Chapter V.--Faith is the Basis of Human Life; Man Cannot Discover that Truth Which Holy Scripture Has Disclosed.

7. From this, however, being led to prefer the Catholic doctrine, I felt that it was with more moderation and honesty that it commanded things to be believed that were not demonstrated (whether it was that they could be demonstrated, but not to any one, or could not be demonstrated at all), than was the method of the Manichaeans, where our credulity was mocked by audacious promise of knowledge, and then so many most fabulous and absurd things were forced upon belief because they were not capable of demonstration. 1 After that, O Lord, Thou, by little and little, with most gentle and most merciful hand, drawing and calming my heart, didst persuade taking into consideration what a multiplicity of things which I had never seen, nor was present when they were enacted, like so many of the things in secular history, and so many accounts of places and cities which I had not seen; so many of friends, so many of physicians, so many now of these men, now of those, which unless we should believe, we should do nothing at all in this life; lastly, with how unalterable an assurance I believed of what parents I was born, which it would have been impossible for me to know otherwise than by hearsay,--taking into consideration all this, Thou persuadest me that not they who believed Thy books (which, with so great authority, Thou hast established among nearly all nations), but those who believed them not were to be blamed; 2 and that those men were not to be listened unto who should say to me, "How dost thou know that those Scriptures were imparted unto mankind by the Spirit of the one true and most true God?" For it was the same thing that was most of all to be believed, since no wranglings of blasphemous questions, whereof I had read so many amongst the self-contradicting philosophers, could once wring the belief from me that Thou art,--whatsoever Thou wert, though what I knew not,--or that the government of human affairs belongs to Thee.

8. Thus much I believed, at one time more strongly than another, yet did I ever believe both that Thou wert, and hadst a care of us, although I was ignorant both what was to be thought of Thy substance, and what way led, or led back to Thee.
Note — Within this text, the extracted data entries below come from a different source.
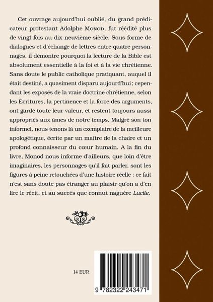 Cet ouvrage aujourd'hui oublié, du grand prédicateur protestant Adolphe Monod, fut réédité plus de vingt fois au dix-neuvième siècle. Sous forme de dialogues et d'échange de lettres entre quatre personnages, il démontre pourquoi la lecture de la Bible est absolument essentielle à la foi et à la vie chrétienne. Sans doute le public catholique pratiquant, auquel il était destiné, a quasiment disparu aujourd'hui ; cependant les exposés de la vraie doctrine chrétienne, selon les Écritures, la pertinence et la force des arguments, ont gardé toute leur valeur, et restent toujours aussi appropriés aux âmes de notre temps. Malgré son ton informel, nous tenons là un exemplaire de la meilleure apologétique, écrite par un maître de la chaire et un profond connaisseur du coeur humain. A la fin du livre, Monod nous informe d'ailleurs, que loin d'être imaginaires, les personnages qu'il fait parler, sont les figures à peine retouchées d'une histoire réelle : ce fait n'est sans doute pas étranger au plaisir qu'on a d'en lire le récit, et au succès que connut naguère Lucile. Cette édition ThéoTeX reproduit celle de 1881.
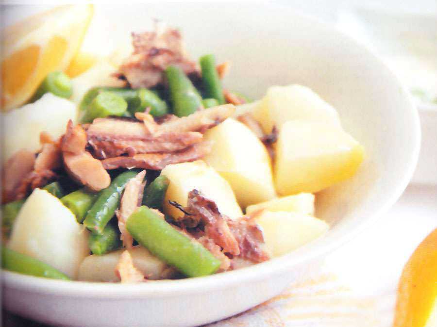 - Одновременно с картошкой проваривают и фасоль, потом откидывают ее на дуршлаг и помещают в этот же салатник.
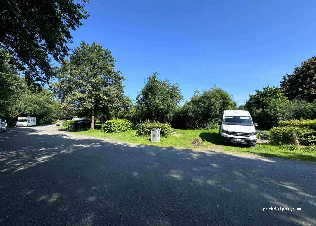 Emplacements très sympathique pour les véhicules aménagés, dans la végétation, tables, poubelles, petit lac à côté. Nous y avons passé une nuit c était top, ça change des aires d autoroute traditionnelles. Merci.
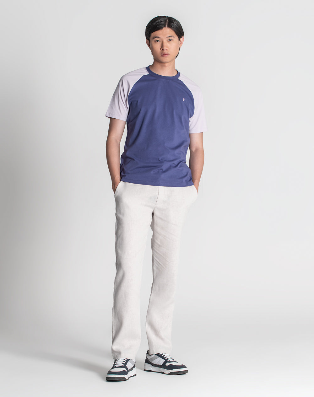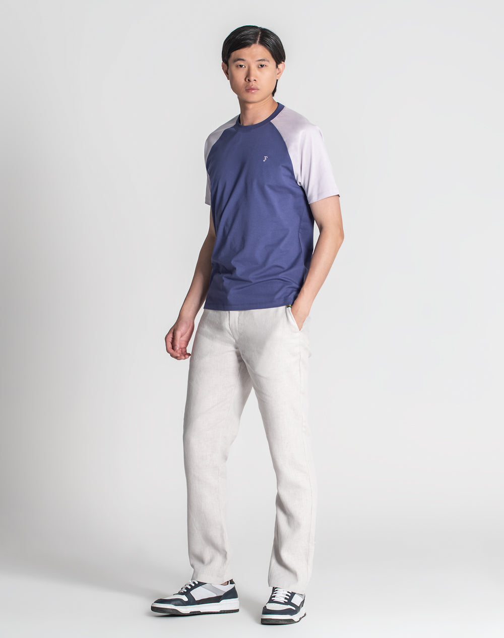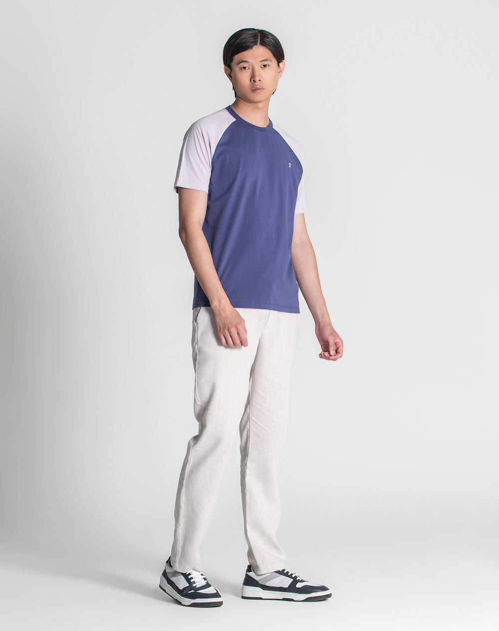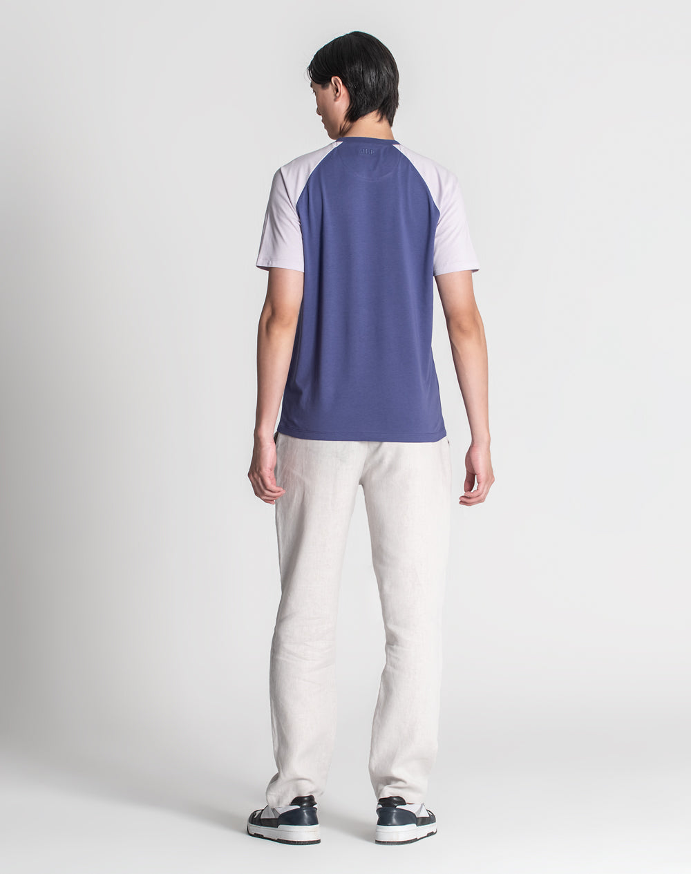 T-shirt em algodão regenagri com decote redondo. Manga raglan a contrastar com restante peça. Logótipo ícon da marca na frente bordado na cor de contraste. Meia-lua em tecido estampado alusivo ao tema da coleção. Logótipo JEF bordado nas costas à cor da peça.

Seeing, then, that we were too weak by unaided reason to find out the truth, and for this cause needed the authority of the holy writings, I had now begun to believe that Thou wouldest by no means have given such excellency of authority to those Scriptures throughout all lands, had it not been Thy will thereby to be believed in, and thereby sought. For now those things which heretofore appeared incongruous to me in the Scripture, and used to offend me, having heard divers of them expounded reasonably, I referred to the depth of the mysteries, and its authority seemed to me all the more venerable and worthy of religious belief, in that, while it was visible for all to read it, it reserved the majesty of its secret 3 within its profound significance, stooping to all in the great plainness of its language and lowliness of its style, yet exercising the application of such as are not light of heart; that it might receive all into its common bosom, and through narrow passages waft over some few towards Thee, yet many more than if it did not stand upon such a height of authority, nor allured multitudes within its bosom by its holy humility. These things I meditated upon, and Thou wert with me; I sighed, and Thou heardest me; I vacillated, and Thou didst guide me; I roamed through the broad way 4 of the world, and Thou didst not desert me.

non Vid. sec. 4): "If, then (harmony being destroyed), human society itself would not stand if we believe not that we see not, how much more should we have faith in divine things, though we see them not; which if we have it not, we do not violate the friendship of a few men, but the profoundest religion--so as to have as its consequence the profoundest misery." Again, referring to belief in Scripture, he argues (Con. Faust. xxxiii. 6) that, if we doubt its evidence, we may equally doubt that of any book, and asks, "How do we know the authorship of the works of Plato, Aristotle, Cicero, Varro, and other similar writers, but by the unbroken chain of evidence?" And once more he contends (De Mor. Cath. Eccles. xxix. 60) that, "The utter overthrow of all literature will follow and there will be an end to all books handed down from the past, if what is supported by such a strong popular belief, and established by the uniform testimony of so many men and so many times, is brought into such suspicion that it is not allowed to have the credit and the authority of common history."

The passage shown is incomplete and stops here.